■ Input material:

* * * * *

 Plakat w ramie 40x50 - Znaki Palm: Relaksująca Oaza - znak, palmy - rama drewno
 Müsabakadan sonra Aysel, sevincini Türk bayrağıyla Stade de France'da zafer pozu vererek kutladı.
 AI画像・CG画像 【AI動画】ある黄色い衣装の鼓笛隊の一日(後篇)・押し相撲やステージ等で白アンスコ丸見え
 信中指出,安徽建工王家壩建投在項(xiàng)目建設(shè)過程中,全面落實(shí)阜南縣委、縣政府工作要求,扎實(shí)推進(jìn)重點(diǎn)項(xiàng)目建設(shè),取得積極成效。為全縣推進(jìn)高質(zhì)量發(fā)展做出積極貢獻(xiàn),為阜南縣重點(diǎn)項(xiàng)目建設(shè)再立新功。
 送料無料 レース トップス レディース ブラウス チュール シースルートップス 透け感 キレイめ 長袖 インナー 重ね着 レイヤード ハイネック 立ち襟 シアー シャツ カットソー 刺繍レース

* * * * *

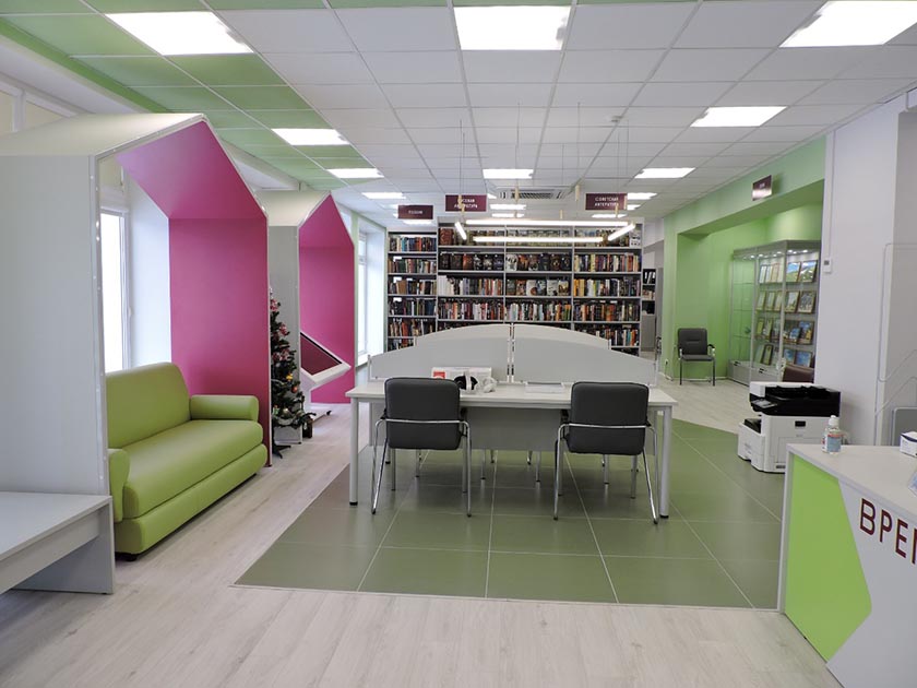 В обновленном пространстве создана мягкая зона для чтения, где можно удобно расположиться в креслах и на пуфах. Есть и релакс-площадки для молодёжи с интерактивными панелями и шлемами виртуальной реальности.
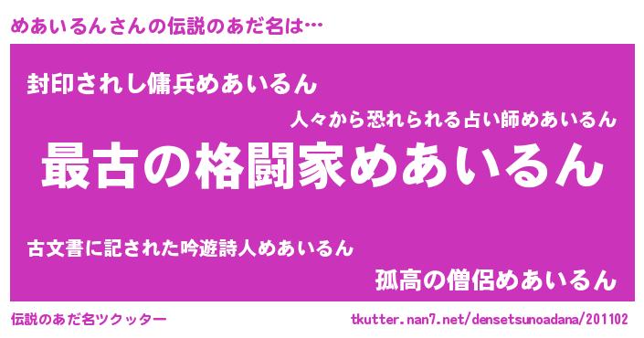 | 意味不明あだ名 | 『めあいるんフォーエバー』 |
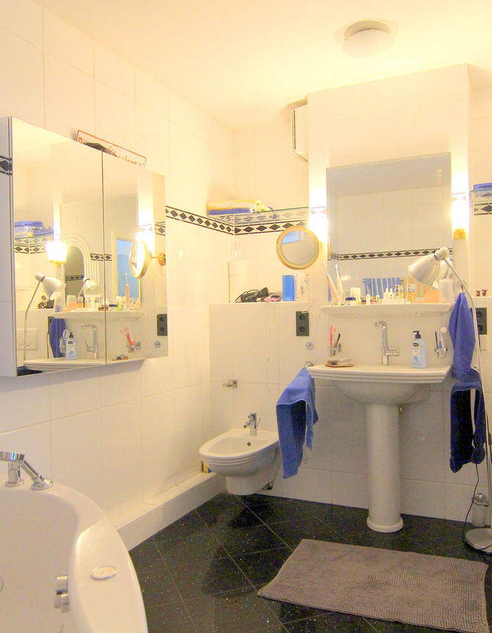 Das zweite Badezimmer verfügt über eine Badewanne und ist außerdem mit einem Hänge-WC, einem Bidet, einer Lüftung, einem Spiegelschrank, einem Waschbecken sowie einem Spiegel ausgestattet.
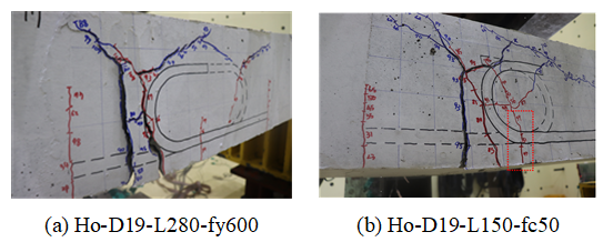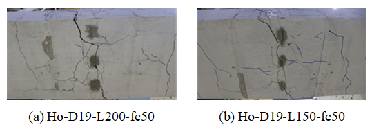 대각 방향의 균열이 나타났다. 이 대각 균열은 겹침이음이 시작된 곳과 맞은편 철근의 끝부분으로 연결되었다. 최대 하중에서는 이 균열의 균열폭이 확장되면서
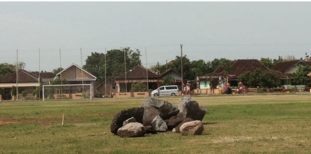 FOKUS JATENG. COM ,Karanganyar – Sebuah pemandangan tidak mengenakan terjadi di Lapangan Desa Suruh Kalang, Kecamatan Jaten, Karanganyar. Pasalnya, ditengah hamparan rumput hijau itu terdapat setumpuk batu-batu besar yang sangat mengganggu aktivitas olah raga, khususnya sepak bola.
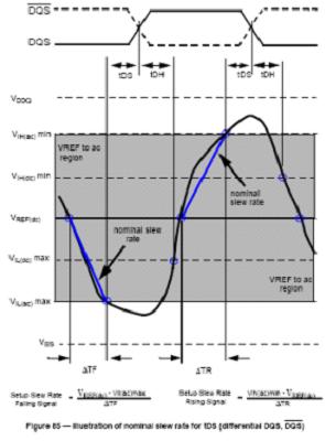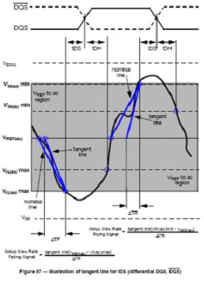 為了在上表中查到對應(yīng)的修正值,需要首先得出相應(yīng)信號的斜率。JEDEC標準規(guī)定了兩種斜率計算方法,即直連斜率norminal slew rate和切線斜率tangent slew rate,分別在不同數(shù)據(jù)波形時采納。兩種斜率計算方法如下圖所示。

* * * * *

Give back the records above exactly, limited to the lines between the one holding "Plakat w ramie" and the one holding "AI画像・CG画像 【AI動", inclusive.

■ Exercise output:
 Plakat w ramie 40x50 - Znaki Palm: Relaksująca Oaza - znak, palmy - rama drewno
 Müsabakadan sonra Aysel, sevincini Türk bayrağıyla Stade de France'da zafer pozu vererek kutladı.
 AI画像・CG画像 【AI動画】ある黄色い衣装の鼓笛隊の一日(後篇)・押し相撲やステージ等で白アンスコ丸見え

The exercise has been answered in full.